Assets Under Management (AUM) of National Pension System (NPS) cross RS. 1 Lac Crore
Assets Under Management (AUM)
of National Pension System (NPS) cross RS. 1 Lac Crore
NPS has been implemented for all Government Employees (except armed forces)
joining Central Govt. on or after 01 January 2004. Most of the State/UT
Governments have also notified the National Pension System (NPS) for their new
employees. NPS has been made available to every Indian Citizen
from 01st May 2009 on a voluntary basis. Further, from 1st June
2015, the Atal Pension Yojana has been launched which has given the much
required impetus to the social security schemes. Currently, NPS and APY
together have more than One Crore subscribers with total Assets Under
Management (AUM) of Rs.1,00,275 crores. The segment wise status of the NPS and
APY as on 03.10.2015 is as under:
|
Segment
|
No. of
Subscribers
|
Asset under
Management (Rs. Cr.)
|
|
Central
Government
|
15,71,136
|
42,381
|
|
State
Governments
|
27,74,459
|
47,974
|
|
NPS-Private
Sector
|
5,24,143
|
7,943
|
|
NPS-Lite/Swavalamban
|
44,67,733
|
1,865
|
|
Atal Pension
Yojana (APY)
|
7,94,467
|
112
|
|
Total
|
1,01,31,938
|
1,00,275
|
Pension Fund Regulatory and Development Authority (PFRDA) has taken various
steps at the policy as well as operational levels to make NPS more subscriber
friendly. In addition to this additional tax benefits made available
exclusively to NPS has given a fillip to the scheme. This is further expected
to result into a substantial increase in the subscriber base by end March 2016.
The following
steps have been taken in the recent past for the convenience of the
subscriber:
· The investment guidelines for NPS have been revised
to expand the investment avenues for optimisation of the returns.
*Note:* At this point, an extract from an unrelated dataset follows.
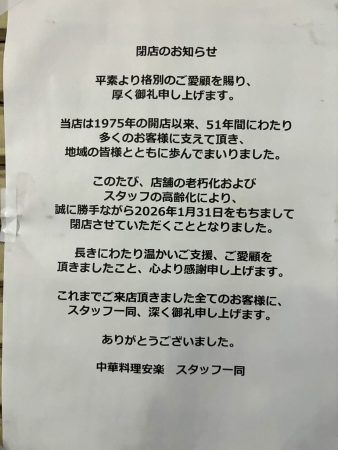 【閉店】54年の歴史に幕。三鷹北口の町中華「安楽」が1月末に閉店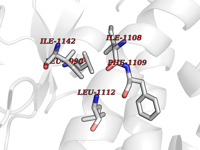 Target general information Gen name GABRA1 Organism Homo sapiens (Human) Uniprot ID TTD ID Synonyms Gamma-aminobutyric acid receptor subunit alpha-1; GABA(A) receptor subunit alpha-1 Protein family Ligand-gated ion channel (TC 1.A.9) family, Gamma-aminobutyric acid receptor (TC 1.A.9.5) subfamily, GABRA1 sub-subfamily Biochemical class Ligand-gated ion channel Function Ligand-gated chloride channel which is a component of the heteropentameric receptor for GABA, the major inhibitory neurotransmitter in the brain. Plays an important role in the formation of functional inhibitory GABAergic synapses in addition to mediating synaptic inhibition as a GABA-gated ion channel. The gamma2 subunit is necessary but not sufficient for a rapid formation of active synaptic contacts and the synaptogenic effect of this subunit is influenced by the type of alpha and beta subunits present in the receptor pentamer (By similarity). The alpha1/beta2/gamma2 receptor and the alpha1/beta3/gamma2 receptor exhibit synaptogenic activity. GABRA1-mediated plasticity in the orbitofrontal cortex regulates context-dependent action selection (By similarity). Functions also as histamine receptor and mediates cellular responses to histamine (By similarity). Related diseases Epilepsy, childhood absence 4 (ECA4) [MIM:611136]: A subtype of idiopathic generalized epilepsy characterized by an onset at age 6-7 years, frequent absence seizures (several per day) and bilateral, synchronous, symmetric 3-Hz spike waves on EEG. Tonic-clonic seizures often develop in adolescence. Absence seizures may either remit or persist into adulthood. {ECO:0000269|PubMed:16718694}. Disease susceptibility is associated with variants affecting the gene represented in this entry.; DISEASE: Epilepsy, idiopathic generalized 13 (EIG13) [MIM:611136]: A disorder characterized by recurring generalized seizures in the absence of detectable brain lesions and/or metabolic abnormalities. Generalized seizures arise diffusely and simultaneously from both hemispheres of the brain. Seizure types include juvenile myoclonic seizures, absence seizures, and generalized tonic-clonic seizures. {ECO:0000269|PubMed:21714819}. Disease susceptibility is associated with variants affecting the gene represented in this entry.; DISEASE: Juvenile myoclonic epilepsy 5 (EJM5) [MIM:611136]: A subtype of idiopathic generalized epilepsy. Patients have afebrile seizures only, with onset in adolescence (rather than in childhood) and myoclonic jerks which usually occur after awakening and are triggered by sleep deprivation and fatigue. {ECO:0000269|PubMed:11992121}. Disease susceptibility is associated with variants affecting the gene represented in this entry.; DISEASE: Developmental and epileptic encephalopathy 19 (DEE19) [MIM:615744]: A severe neurologic disorder characterized by onset of seizures in the first months of life and usually associated with EEG abnormalities. Affected infants have convulsive seizures (hemiclonic or generalized) that are often prolonged and triggered by fever. Other seizure types include focal, myoclonic, absence seizures, and drop attacks. Development is normal in the first year of life with later slowing and intellectual disability. {ECO:0000269|PubMed:24623842, ECO:0000269|PubMed:27864847}. The disease is caused by variants affecting the gene represented in this entry. Drugs (DrugBank ID) DB12537; DB00546; DB06579; DB00404; DB01351; DB00543; DB11901; DB01352; DB01483; DB14719; DB11859; DB01558; DB09017; DB00237; DB00241; DB01353; DB01489; DB00395; DB00475; DB14715; DB01594; DB00349; DB06470; DB01068; DB00628; DB01559; DB01553; DB00363; DB01511; DB01189; DB00829; DB01496; DB01341; DB13837; DB00228; DB01215; DB00402; DB00898; DB00189; DB01545; DB09166; DB00292; DB01567; DB01205; DB01544; DB00690; DB05087; DB01381; DB01437; DB00801; DB01159; DB01354; DB01355; DB00753; DB01587; DB00555; DB13643; DB00186; DB13872; DB13437; DB00603; DB01043; DB00371; DB00463; DB00474; DB01028; DB00849; DB01107; DB15489; DB00683; DB12458; DB01595; DB14028; DB00334; DB00842; DB14672; DB00312; DB01174; DB00252; DB00466; DB13335; DB01708; DB01588; DB00794; DB00837; DB00818; DB01589; DB01346; DB12404; DB00418; DB01236; DB09118; DB00306; DB01956; DB00231; DB01154; DB11582; DB00599; DB00273; DB00897; DB00962; DB00425; DB00909; DB01198; DB15490 Interacts with NA EC number NA Uniprot keywords 3D-structure; Cell membrane; Chloride; Chloride channel; Cytoplasmic vesicle; Disease variant; Disulfide bond; Epilepsy; Glycoprotein; Ion channel; Ion transport; Ligand-gated ion channel; Membrane; Postsynaptic cell membrane; Proteomics identification; Receptor; Reference proteome; Signal; Synapse; Transmembrane; Transmembrane helix; Transport Protein physicochemical properties Chain ID A,B Molecular weight (Da) 77460 Length 672 Aromaticity 0.14 Instability index 35.95 Isoelectric point 8.75 Charge (pH=7) 7.31 3D Binding mode Sequence SNMSLVKETVDRLLKGYDIRLRPDFGGPPVAVGMNIDIASIDMVSEVNMDYTLTMYFQQAWRDKRLSYNVIPLNLTLDNRVADQLWVPDTYFLNDKKSFVHGVTVKNRMIRLHPDGTVLYGLRITTTAACMMDLRRYPLDEQNCTLEIESYGYTTDDIEFYWRGDDNAVTGVTKIELPQFSIVDYKLITKKVVFSTGSYPRLSLSFKLKRNIGYFILQTYMPSILITILSWVSFWINYDASAARVALGITTVLTMTTINTHLRETLPKIPYVKAIDMYLMGCFVFVFMALLEYALVNYIFFSQPARAAAIDRWSRIFFPVVFSFFNIVYWLYYVDNTTVFTRILDRLLDGYDNRLRPGLGERVTEVKTDIFVTSFGPVSDHDMEYTIDVFFRQSWKDERLKFKGPMTVLRLNNLMASKIWTPDTFFHNGKKSVAHNMTMPNKLLRITEDGTLLYTMRLTVRAECPMHLEDFPMDAHACPLKFGSYAYTRAEVVYEWTREPARSVVVAEDGSRLNQYDLLGQTVDSGIVQSSTGEYVVMTTHFHLKRKIGYFVIQTYLPCIMTVILSQVSFWLNRESVPARTVFGVTTVLTMTTLSISARNSLPKVAYATAMDWFIAVCYAFVFSALIEFATVNYFTKSQPARAAKIDRLSRIAFPLLFGIFNLVYWATYLNR Hydrogen bonds contact Hydrophobic contact | ||||

· Partial withdrawal upto 25% of subscriber’s own
contribution for specific purposes like higher education of children, marriage
of children, construction of house and specified illness have been allowed to
the NPS subscribers after completion of 10 years in NPS.
· NPS Private Sector subscribers can continue
contributing beyond 60 years upto 70 years of age.
· NPS Subscriber can defer the withdrawal of lumpsum
amount upto the age of 70 years and also have the option to defer purchase of
annuity upto 3 years from the date of superannuation or 60 years. The funds
during this period remain invested in the system.
· The Statement of Transactions (SOT) being sent by
CRA to the existing subscribers has been modified to reflect the returns of the
individual subscriber since the date of account opening and also the return
generated during the last financial year.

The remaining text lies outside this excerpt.